The reality of marketing

Marketing is not deterministic. I wish it was, but it’s not. And often, we want to tell ourselves that it’s very deterministic. We know exactly what generated or caused this install. But it’s not causality that we often know. We know correlation. 

Use incrementality testing to optimize spend

And if you think offline, Coca Cola and Nike – great examples. They run a campaign for a set limited period of time, for two weeks, four weeks, eight weeks. Then they stop the campaign and rely on panel reporting, survey reporting, and sales reports. They rely on reports in retrospect to help them reevaluate what was my media mix, did I actually see an increase in sales for the product that was advertising? 

Move past the need for determinism

And if they don’t, they can actually now do it better for the next time, and they do get better and better and better. But none of them tries to conclude that what they’re doing is deterministic. 

FULL TRANSCRIPT BELOW

Shamanth: I’m very excited to welcome Maor Sadra to the mobile user acquisition Show. Maor, welcome to the show. 
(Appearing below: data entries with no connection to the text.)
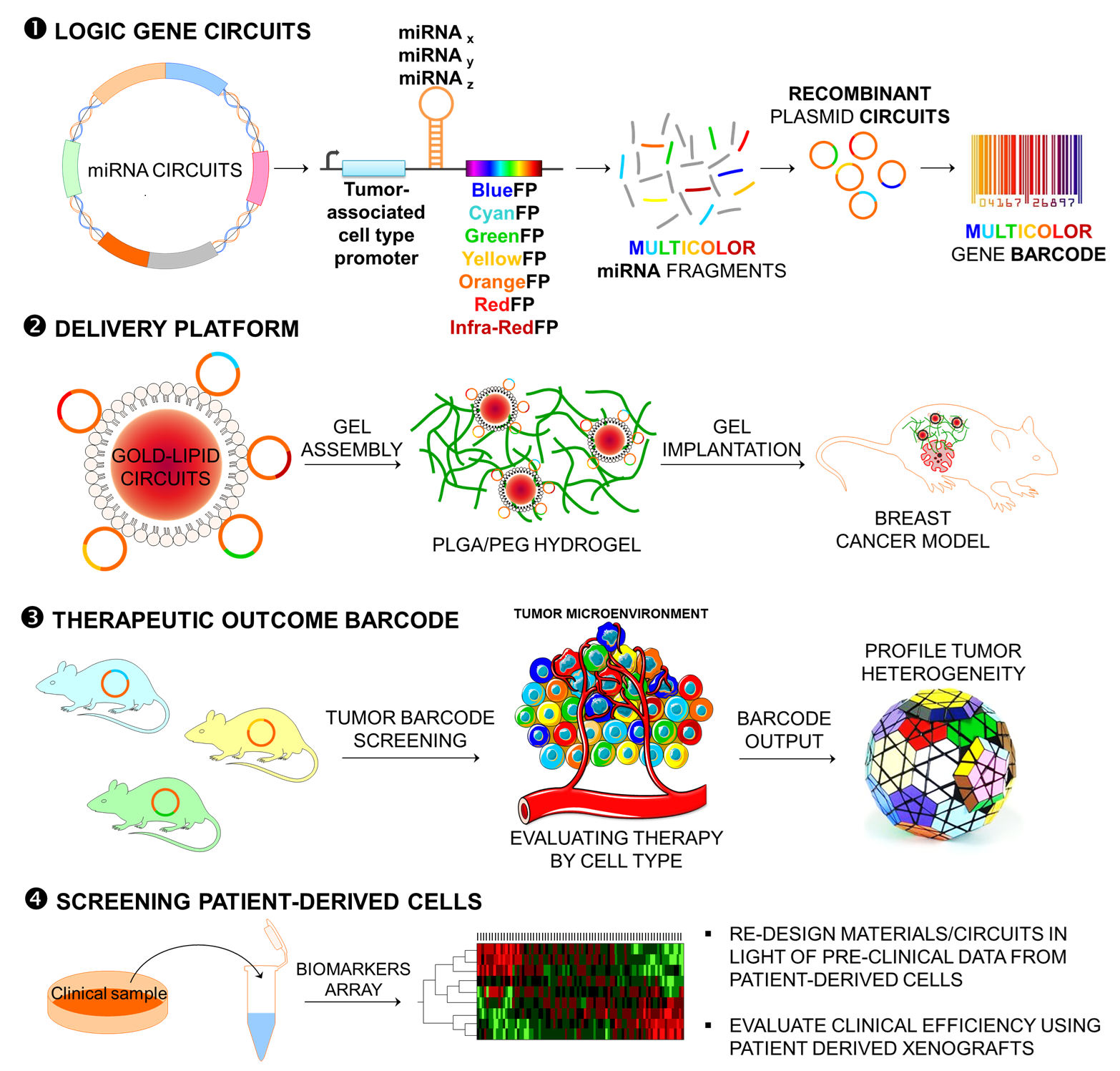 Periodic Reporting for period 4 - GelGeneCircuit (Cancer heterogeneity and therapy profiling using bioresponsive nanohydrogels for the delivery of multicolor logic genetic circuits.)
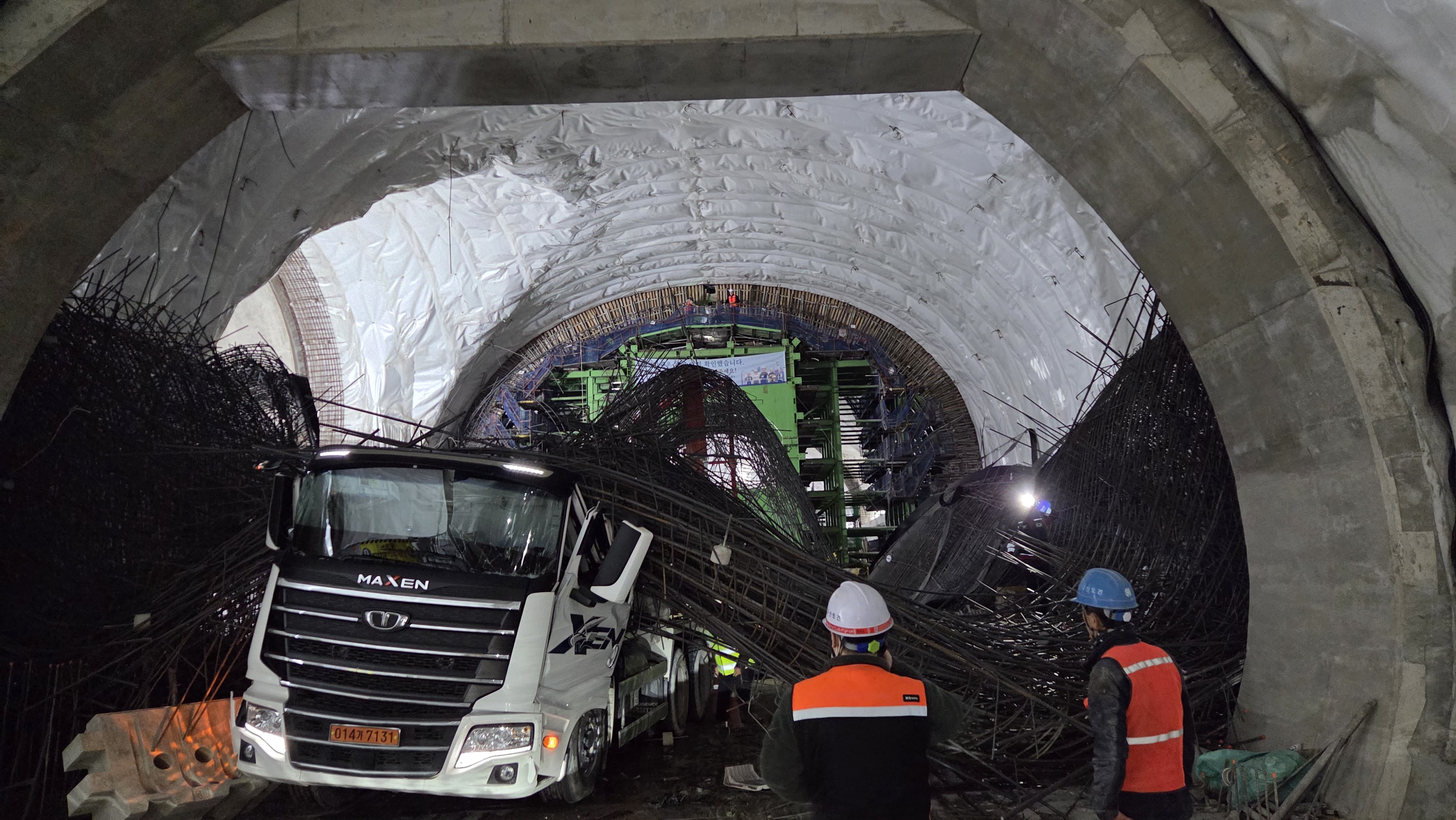 ※ 라이닝 공사는 굴착된 터널 내부에 철근과 콘크리트를 시공해 최종 내벽을 형성하고 구조를 안정화하는 과정으로, 거푸집 설치 전까지는 철근망이 자체 하중과 앵커 등 고정장치에 의존해 지지된다.
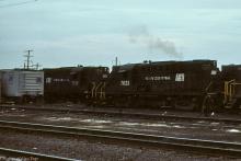 In April, 1977, PC-lettered RS11's 7623 and 7618 were working Morrisville yard.
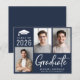 Modern mörk-marinblått budgetvänligt studenten-meddelande med 3 foton och "Student" i ett fet contemporary vitt skript. Lägg till namn, klassår och skola eller universiteten i enkel vit typografi.
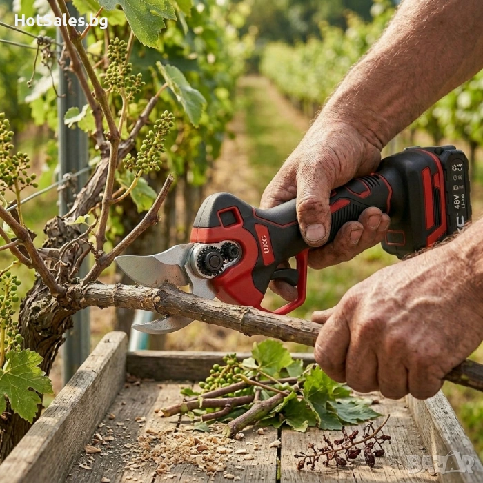 Ръчните ножици изискват сила, оставят неравни срезове и натоварват китките при продължителна работа. При повече дървета или лозя това се превръща в истинско изпитание – бавно, тежко и изморително.
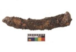 | Description / विवरण | Specimen having elongated squarish body, flat head and pointed end with uniform thickness and highly corroded surface. |
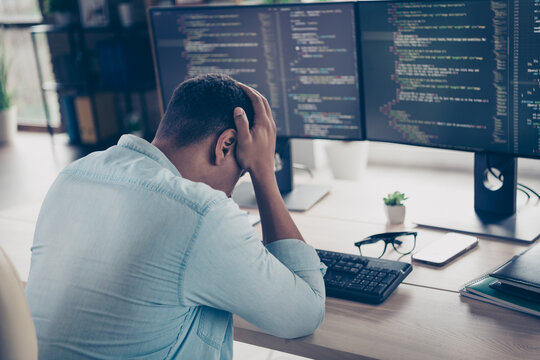 Photo of sadness upset young guy found his failed program code dont know solution app bug depressed devops at workstation home office
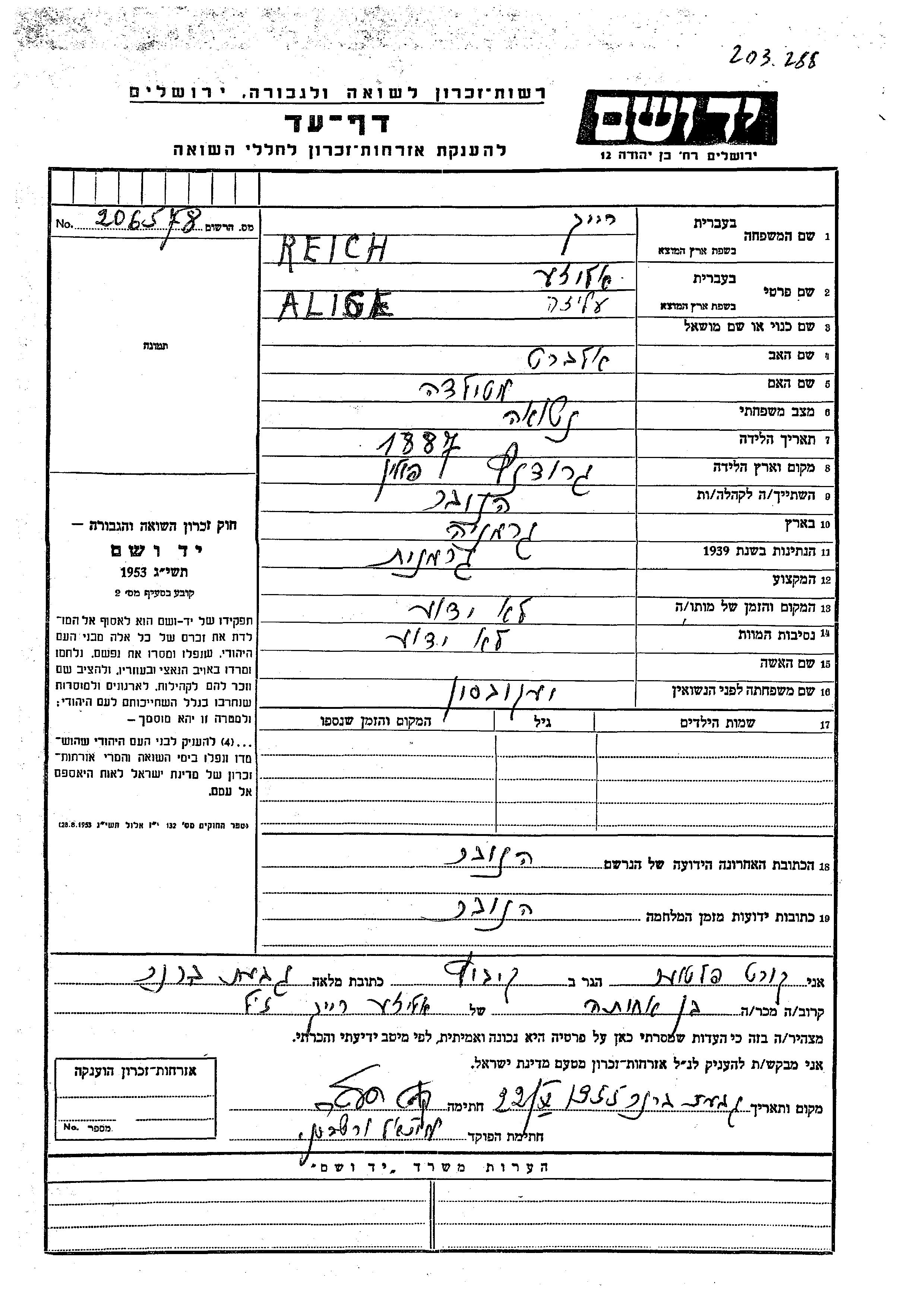 Alice Aliza Reich nee Iakobson was born in Grudziadz, Poland, 1887 to Albert and Matilda. She was married. Prior to WWII she lived in Hannover, Germany. During the war she was in Hannover, Germany. Alice Aliza was murdered in the Shoah.
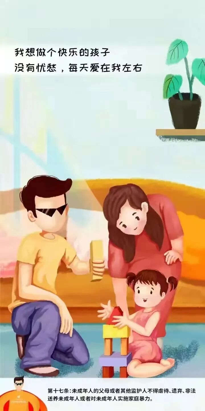 四、如果发现未成年人身心健康受到侵害,或者其他合法权益受到侵犯,请您及时了解情况并采取保护措施;情况严重的,请立即向公安、民政、教育等部门报告。支持未成年人事业,促使他们健康快乐成长。
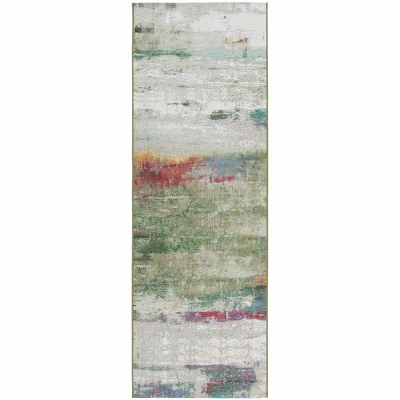 Elevate your space with the exquisite artistry and vibrant charm of our Power Loomed Indoor/Outdoor Runner Rug. This stunning piece, meticulously crafted in Egypt, features a dynamic interplay of GREEN, BLUE, and PURPLE hues, creating an abstract expressionist tapestry that will infuse your home with contemporary elegance.Sized at a practical 2′-8″ X 8′, with a subtle height of 1/4″, this runner rug is perfect for halls, entryways, or any area that begs for an elongated touch of style. The composition of 76% Polypropylene, 23% Polyester, and 1% Backing material lends itself to durability and comfort, ensuring this rug can withstand the demands of both indoor and outdoor environments.OEKO-TEX certification guarantees that the rug is free of harmful substances, providing peace of mind for you and your loved ones. With its weather-resistant qualities and fade-resistant colors, this versatile rug brings both beauty and utilitarianism to your home.The power loomed construction not only reflects impeccable quality but also ensures precision in every detail of the pattern, as depicted in the image. Whether placed in a sun-soaked patio or a high-traffic hallway, this rug maintains its allure, making it a timeless addition to your decor collection.Invite the essence of modern art into your home with this stunning runner rug, a fusion of artistic design, innovative craftsmanship, and environmental consciousness.

Maor: Thank you, Shamanth. And thank you for making the extra effort to try to pronounce my name correctly. It’s a common joke that my name gets butchered. I’m fine with it. But thank you for making the extra effort and inviting me.

Shamanth: Absolutely, Maor. So, yeah, definitely thrilled to have you because certainly, I’ve learned quite a lot from what you’ve shared on public forums and communities just over the last couple of months, as we’ve all tried to make sense of the changes coming our way. So definitely, I think you’ve offered some very unique and interesting perspectives on how to approach measurement in a few months, and it’s definitely something I’m thrilled to dive into with you today.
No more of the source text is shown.